## Exercise
With the pictures omitted, print exactly the lines below, from the one containing "Buy Red and" through the one containing "集中管理模型编辑工具、想定编", and nothing else.

## Stored data entries
+--

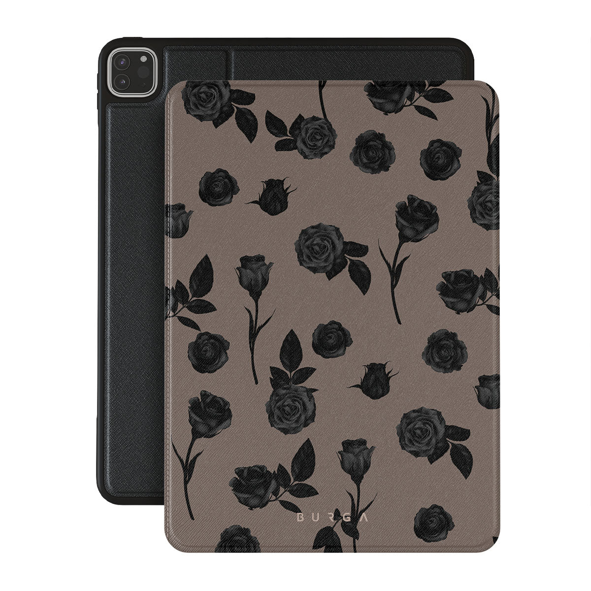 Ce design présente : des roses noires, des tons terreux, des détails floraux, des fleurs sombres.
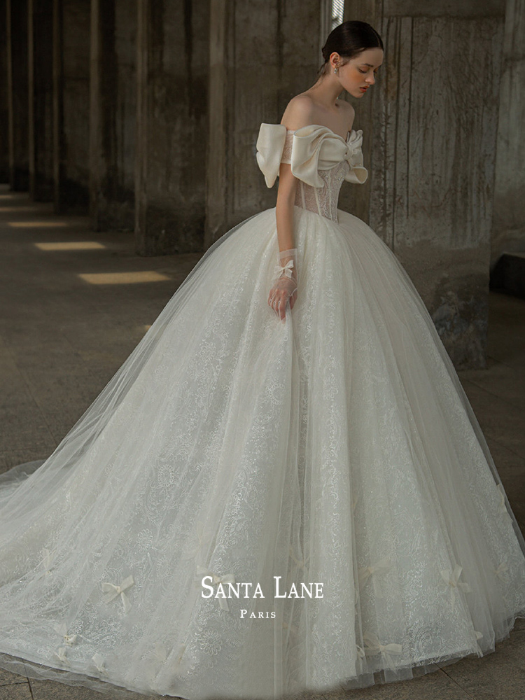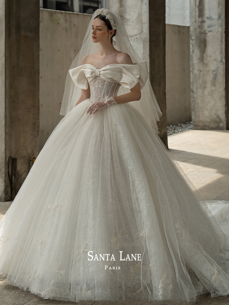 Wedding dress 2021 New Winter bride court style French temperament simple super fairy shoulder main wedding dress big tail
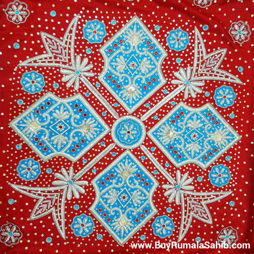 Buy Red and Sky Blue Rumala Sahib (Hand Embroidery)
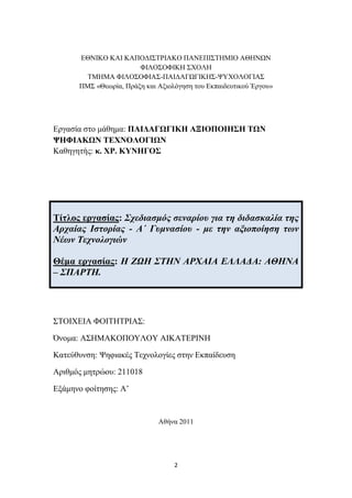 ΠΑΝΔΠΗΣΖΜΗΟ ΑΘΖΝΧΝ ΦΗΛΟΟΦΗΚΖ ΥΟΛΖ ΣΜΖΜΑ ΦΗΛΟΟΦΗΑ-ΠΑΗΓΑΓΧΓΗΚΖ-ΦΤΥΟΛΟΓΗΑ ΠΜ «Θεσξία, Πξάμε θαη Αμηνιόγεζε ηνπ Δθπαηδεπηηθνύ Έξγνπ» Δξγαζία ζην κάζεκα: ΠΑΙΓΑΓΧΓΙΚΗ ΑΞΙΟΠΟΙΗΗ ΣΧΝ ΦΗΦΙΑΚΧΝ ΣΔΥΝΟΛΟΓΙΧΝ Καζεγεηήο: θ. ΥΡ. ΚΤΝΗΓΟ Σίηινο εξγαζίαο: ρεδηαζκόο ζελαξίνπ γηα ηε δηδαζθαιία ηεο Αξραίαο Ηζηνξίαο - Α΄ Γπκλαζίνπ - κε ηελ αμηνπνίεζε ησλ Νέσλ Σερλνινγηώλ Θέκα εξγαζίαο: Ζ ΕΩΖ ΣΖΝ ΑΡΧΑΗΑ ΔΛΛΑΓΑ: ΑΘΖΝΑ – ΠΑΡΣΖ. ΣΟΗΥΔΗΑ ΦΟΗΣΖΣΡΗΑ: Όλνκα: AΖΜΑΚΟΠΟΤΛΟΤ ΑΗΚΑΣΔΡΗΝΖ Καηεύζπλζε: Φεθηαθέο Σερλνινγίεο ζηελ Δθπαίδεπζε Αξηζκόο κεηξώνπ: 211018 Δμάκελν θνίηεζεο: Α’ Αζήλα 2011 2
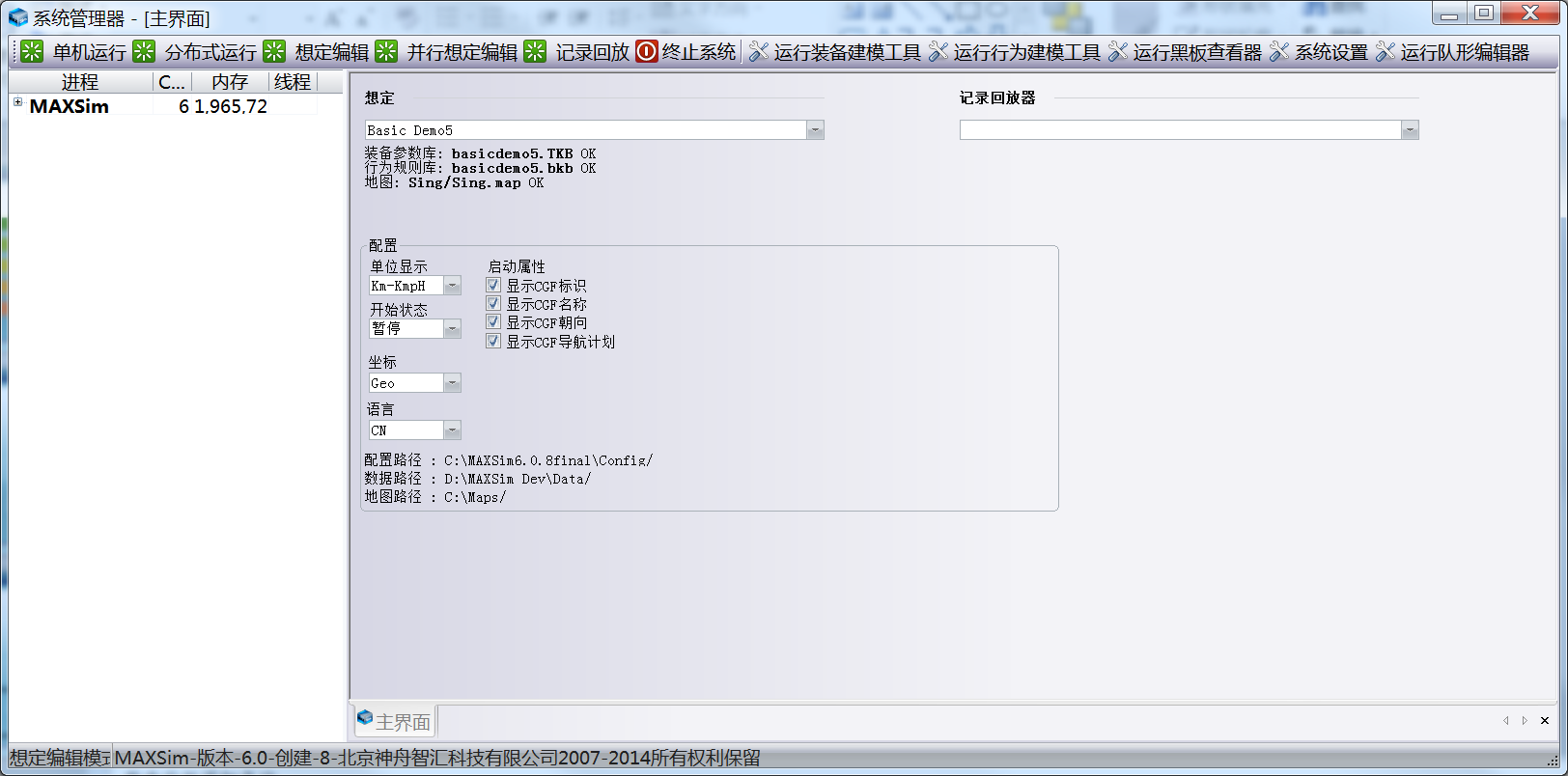 集中管理模型编辑工具、想定编辑工具、队形编辑、系统设置、单机运行、分布式运行、想定回放等内容,并可以对系统运行的进程状态进行监控。
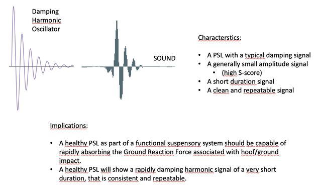 Placement of a small sensor on the suspensory ligaments can be used to record the GRF signal of hoof impact with the ground as it travels up the limb. The S-score of this signal can then be used to assess the functional health of the suspensory ligaments.
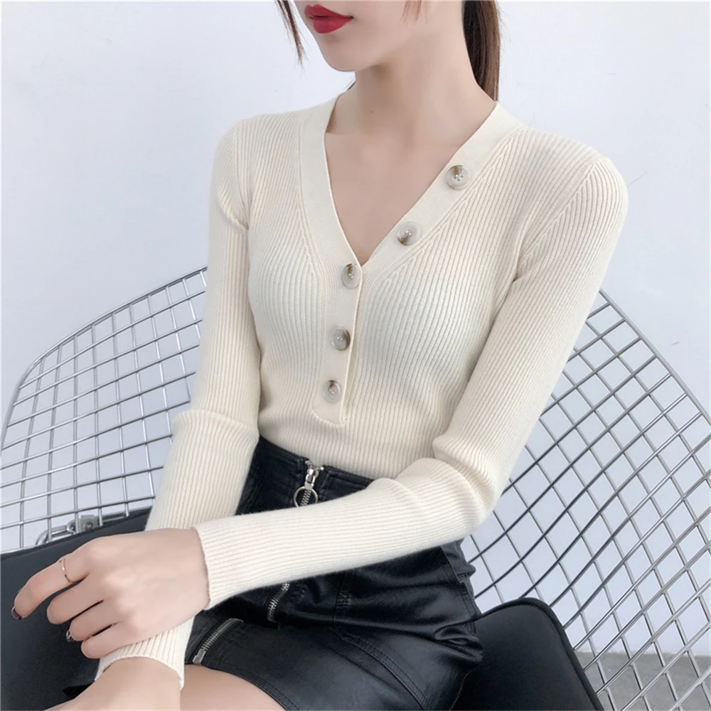 Женская трикотажная рубашка с V-образным вырезом и длинным рукавом
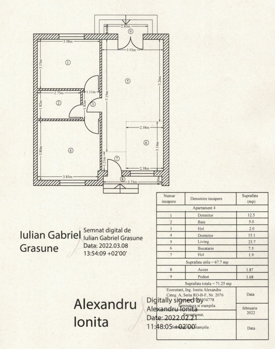 Casa cu 3 camere, cu amprenta de 79,05 mp, este total mobilată și utilată, echipată cu centrală termică proprie și aparate de aer condiționat.
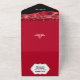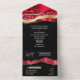 A beautiful all-in-one spring, summer, fall or winter invitation featuring faux sparkling gold and red glitter. A combination of modern bold and calligraphy script font templates for your personalised wording appear on both sides of the invite and the bottom third has a tear off response card with personalised rsvp address for your guests to complete. These are ideal for any birthday; quinceanera or shimmer foil inspired wedding. The black background colour can also be changed to suit your colour scheme.
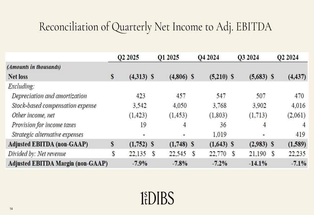 For Q2 2025, 1stDibs reported Gross Merchandise Value (GMV) of $89.9 million and revenue of $22.1 million. The company posted an Adjusted EBITDA loss of $1.8 million for the quarter, continuing a pattern of negative EBITDA margins that have persisted across recent reporting periods.
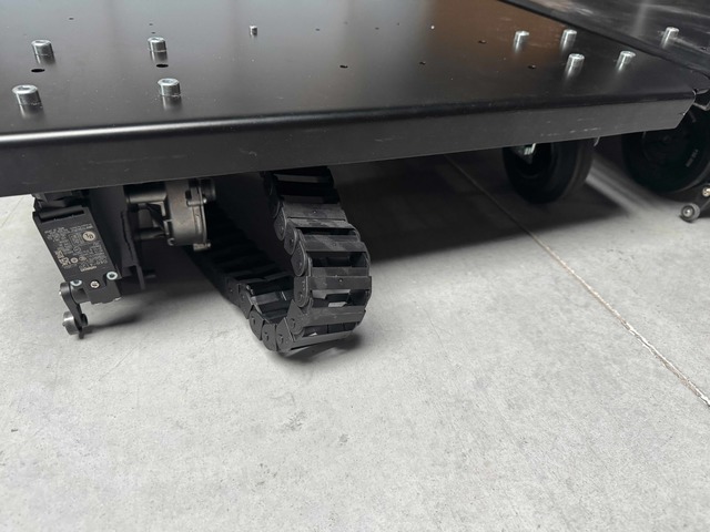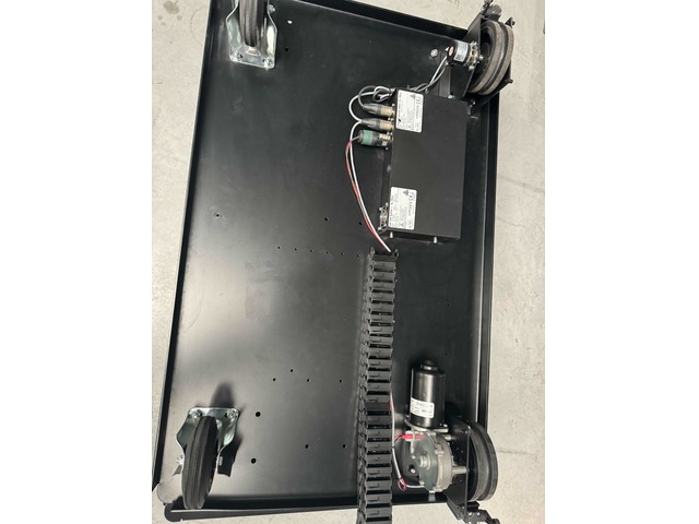 2 plateaux roulants 96x60cm avec 3 rails de 2m et 2 rails de 1m et cables.Idéal pour contrôle par DMX par exemple pour ouverture / fermeture d'écran ou de porte sur scène etc ..;
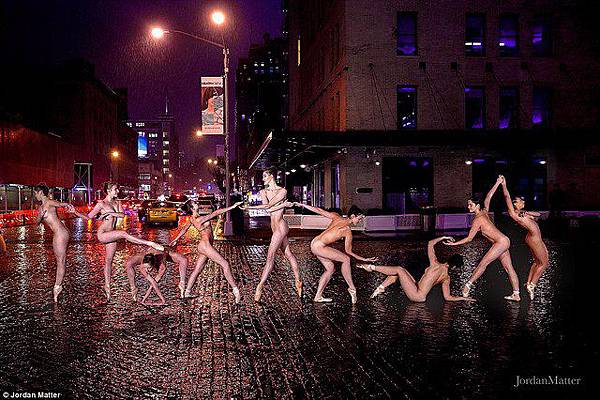 美國紐約曼哈頓攝影師麥特(Jordan Matter)為了新書《午夜後的舞者》(Dancers After Dark,暫譯),在世界各地景點拍攝裸體芭蕾舞者姿態,最近一次在華盛頓廣場公園拍攝。
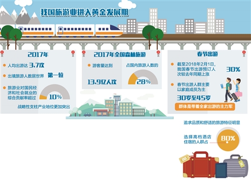 眾信旅游發布的數據顯示,截至2月1日,春節出游預訂人次較去年同期上漲30%。中國旅行社協會對外發布的《2018春節黃金周旅游趨勢報告》顯示,2018年春節期間,在旅游消費持續升溫的情況下,春節全家出游成為越來越多人的選擇,旅游過年人數有望創歷史新高。
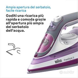 Piastra FreeGlide 3D SuperCeramic, Punta di Precisione, Manico Aperto Ergonomico, Ricarica 300ml, Efficienza Energetica, Sistema Antigoccia, 2700W, Viola

+--

## Answer section
 Buy Red and Sky Blue Rumala Sahib (Hand Embroidery)
 ΠΑΝΔΠΗΣΖΜΗΟ ΑΘΖΝΧΝ ΦΗΛΟΟΦΗΚΖ ΥΟΛΖ ΣΜΖΜΑ ΦΗΛΟΟΦΗΑ-ΠΑΗΓΑΓΧΓΗΚΖ-ΦΤΥΟΛΟΓΗΑ ΠΜ «Θεσξία, Πξάμε θαη Αμηνιόγεζε ηνπ Δθπαηδεπηηθνύ Έξγνπ» Δξγαζία ζην κάζεκα: ΠΑΙΓΑΓΧΓΙΚΗ ΑΞΙΟΠΟΙΗΗ ΣΧΝ ΦΗΦΙΑΚΧΝ ΣΔΥΝΟΛΟΓΙΧΝ Καζεγεηήο: θ. ΥΡ. ΚΤΝΗΓΟ Σίηινο εξγαζίαο: ρεδηαζκόο ζελαξίνπ γηα ηε δηδαζθαιία ηεο Αξραίαο Ηζηνξίαο - Α΄ Γπκλαζίνπ - κε ηελ αμηνπνίεζε ησλ Νέσλ Σερλνινγηώλ Θέκα εξγαζίαο: Ζ ΕΩΖ ΣΖΝ ΑΡΧΑΗΑ ΔΛΛΑΓΑ: ΑΘΖΝΑ – ΠΑΡΣΖ. ΣΟΗΥΔΗΑ ΦΟΗΣΖΣΡΗΑ: Όλνκα: AΖΜΑΚΟΠΟΤΛΟΤ ΑΗΚΑΣΔΡΗΝΖ Καηεύζπλζε: Φεθηαθέο Σερλνινγίεο ζηελ Δθπαίδεπζε Αξηζκόο κεηξώνπ: 211018 Δμάκελν θνίηεζεο: Α’ Αζήλα 2011 2
 集中管理模型编辑工具、想定编辑工具、队形编辑、系统设置、单机运行、分布式运行、想定回放等内容,并可以对系统运行的进程状态进行监控。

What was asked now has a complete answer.